You’ve all heard the story of how the Clintons stole silverware, artwork, gold bullion, tapestries — whatever the prevailing theory was the day you heard it — from the White House upon their departure. The tales, however insidious, were hilariously false of course. But there were pranks that definitely were played that got nearly as much attention. For example, staffers for the Clintons meticulously removed almost every “W” from every keyboard on the premises.

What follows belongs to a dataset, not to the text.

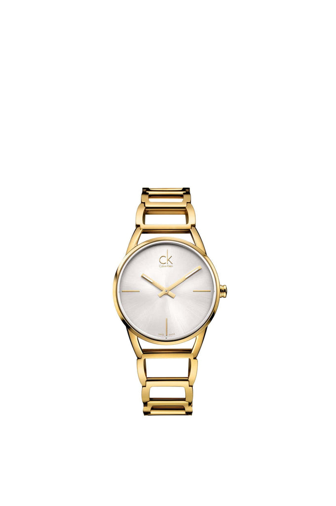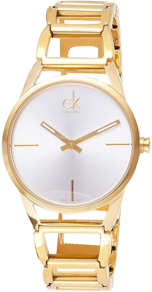 Calvin Klein Stately Silver Dial Gold Steel Strap Watch for Women - K3G23526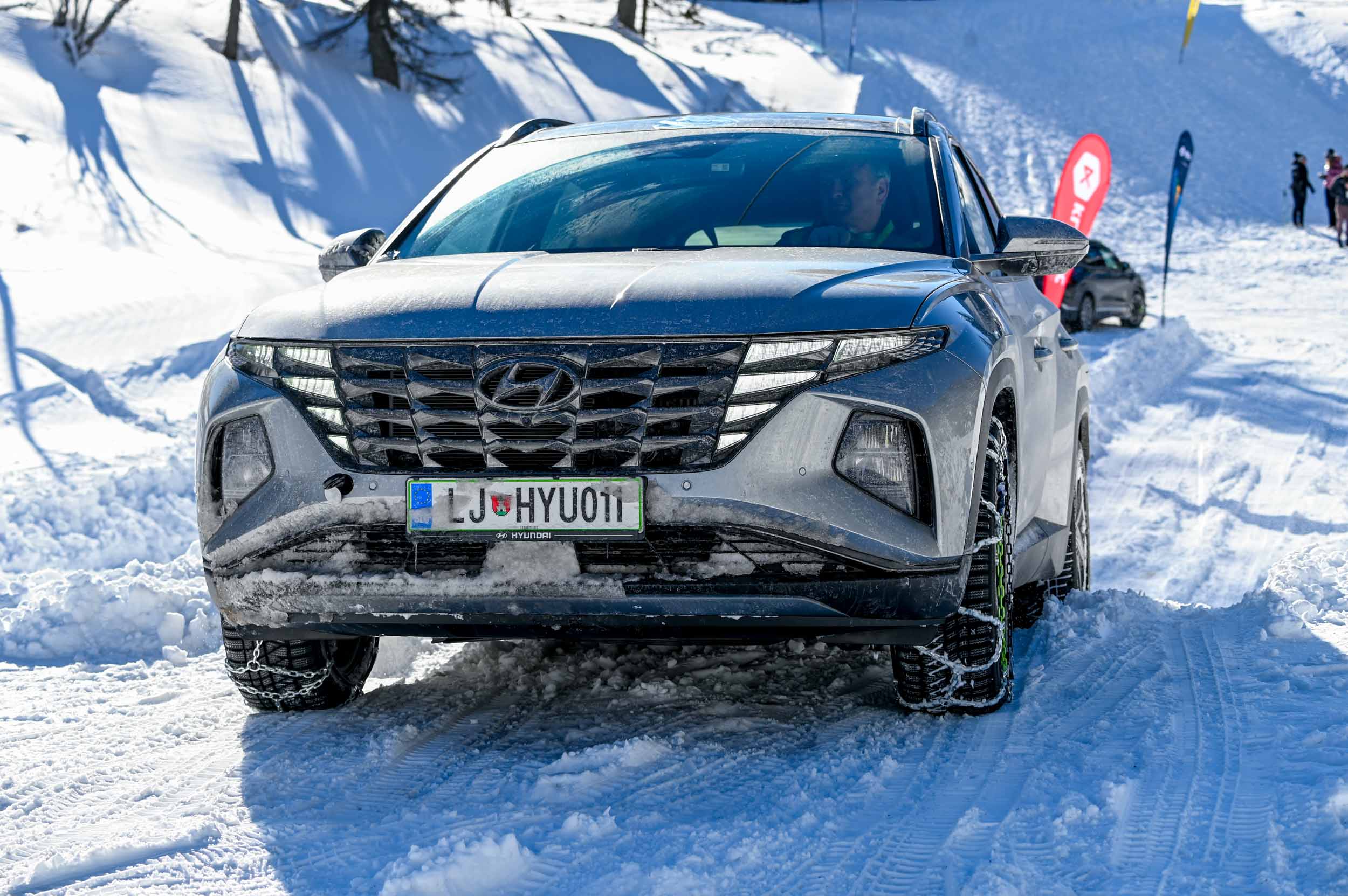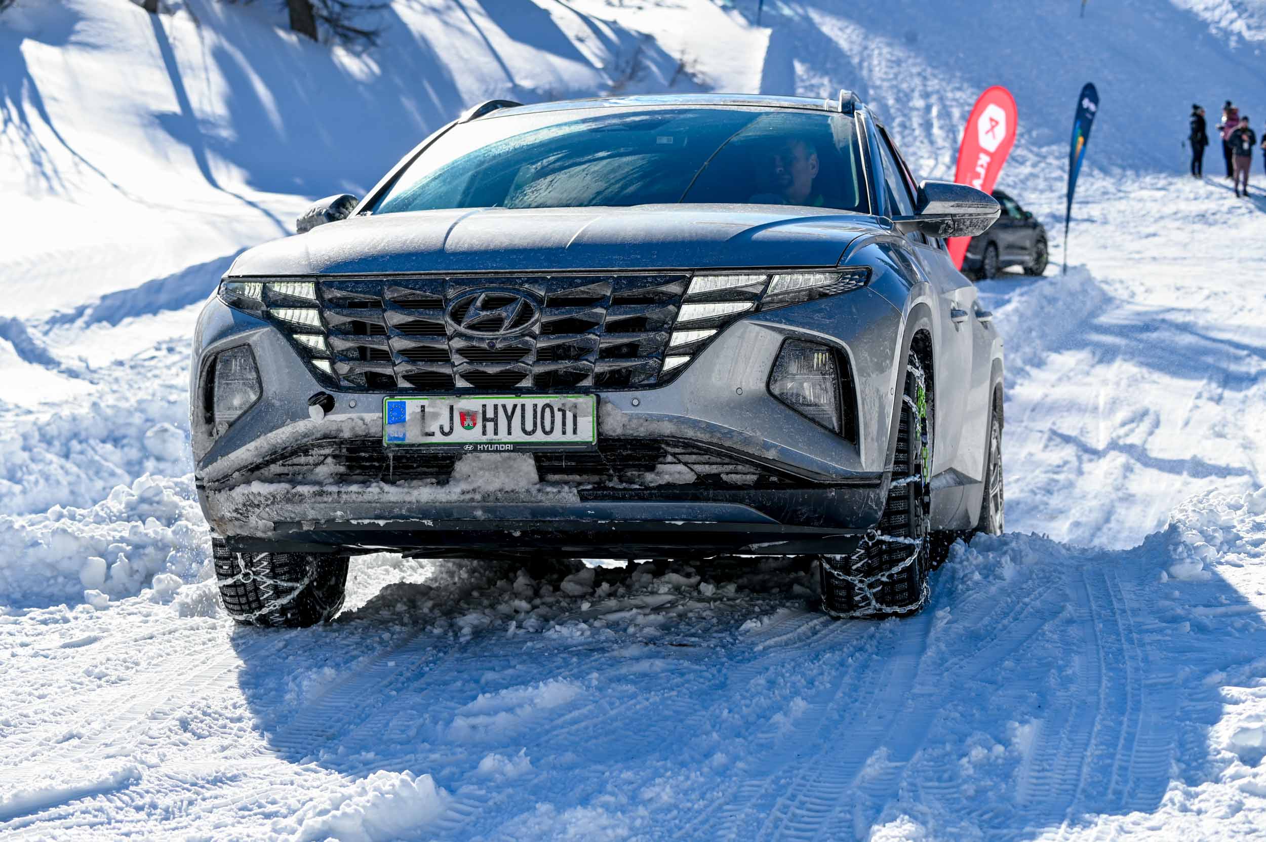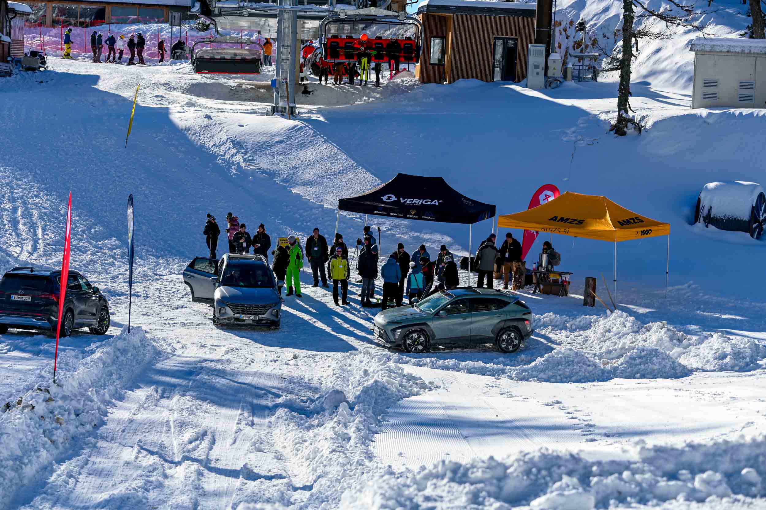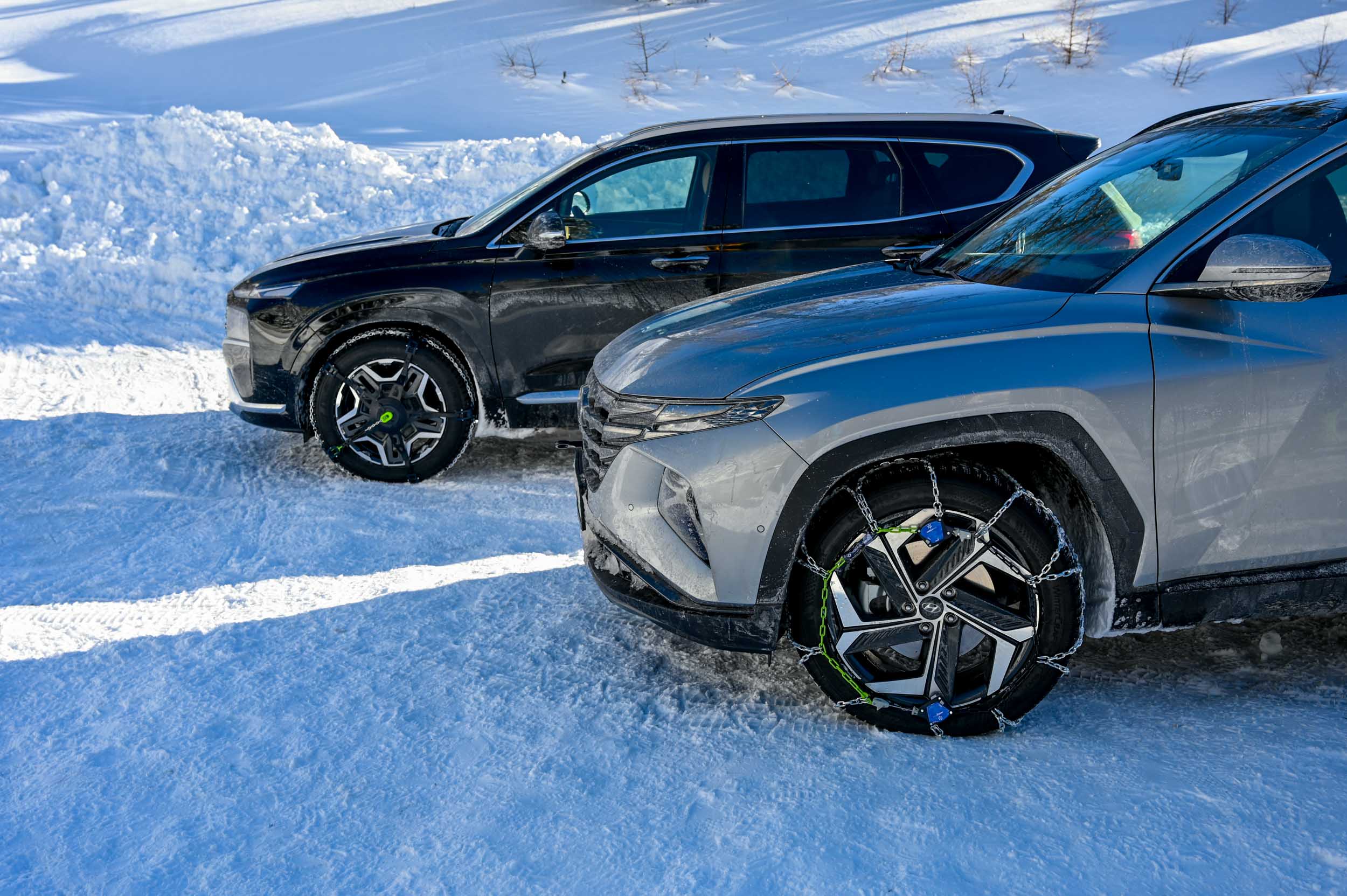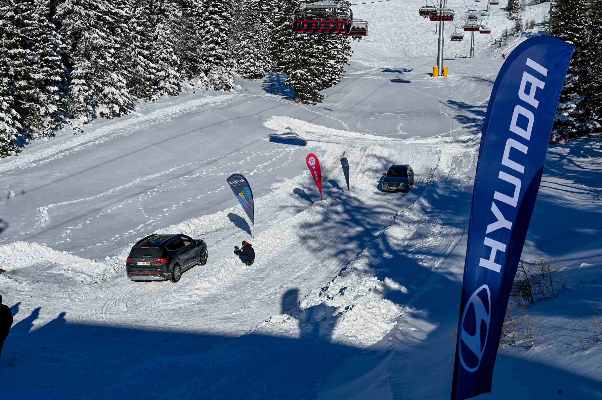 A silovit vdor zime sredi januarja nam je postregel najprej s precejšnjo snežno odejo, že naslednji dan pa tudi s polarnimi temperaturami, kar je seveda ustvarilo odlične zimske razmere, a tudi kar nekaj dodatnega dela, da smo lahko zasneženo kotanjo pod spodnjo postajo nove šestsedežnice Zvoh na Krvavcu uredili tako, da smo vanjo lahko pripeljali avtomobile. Sneg je seveda nujna sestavina zimskega vozniškega doživetja, a če ga je preveč, se po njem ne da voziti z avti - tudi če gre za Hyuindaijeva cestna terenca santa-fe in tucson s štirikolesnim pogonom, večjo oddaljenostjo od tal in dobrimi zimskimi pnevmatikami na kolesih. K sreči pripravljalci smučišča na Krvavcu ne znajo poskrbeti le za steptana smučišča, pač pa tudi za dovolj utrjen vozniški poligon.

It was, after all, the abbreviation Bush the Younger would be affixed with in short press releases, breaking news, and even a movie title.
But those stories are from a time when America was still deeply rooted in reality — rather than what appears to be reality television.
Now when I wake up and there’s no news of someone in the Trump administration doing something you might see in a John Landis film… Well, those days are now the exception and not the rule. So when the Wall Street Journal — stodgy, erudite, conservative-leaning — reported on Friday that former press secretary Sean Spicer had stolen a mini-fridge from his staffers almost immediately after he started work for Trump, it seemed almost like tattling.
But I like a tattle-tale if the tale is funny, honestly, and Sean Spicer earned the nickname I usually referred to him as with both his words and actions every single day: Shady Spice. So here’s the relevant excerpt from the Journal, as long as we’re borrowing:
Less than a month into his new job, White House press secretary Sean Spicer needed to keep his food and drink cold. He wanted a mini-fridge.
He dispatched a top aide to a nearby executive office building where junior research employees are crammed into a room, surviving on Lean Cuisine frozen lunches. Mr. Spicer wants your icebox, the aide said, according to people familiar with the incident. They refused to give it up.
So Mr. Spicer waited until sundown—after his young staffers had left—to take matters into his own hands. He was spotted by a fellow White House official lugging the icebox down the White House driveway after 8 p.m.”
The man who hid in the bushes. Mister Holocaust Centers. The dude that ludicrously insisted you stop believing your lyin’ eyes about the size of Trump’s, uh, inauguration. That guy straight up stole a fridge from some kids.
When the Trump years finally make it into a Netflix original series, I want to play myself, so I can laugh as hard on camera as I am at my desk right now.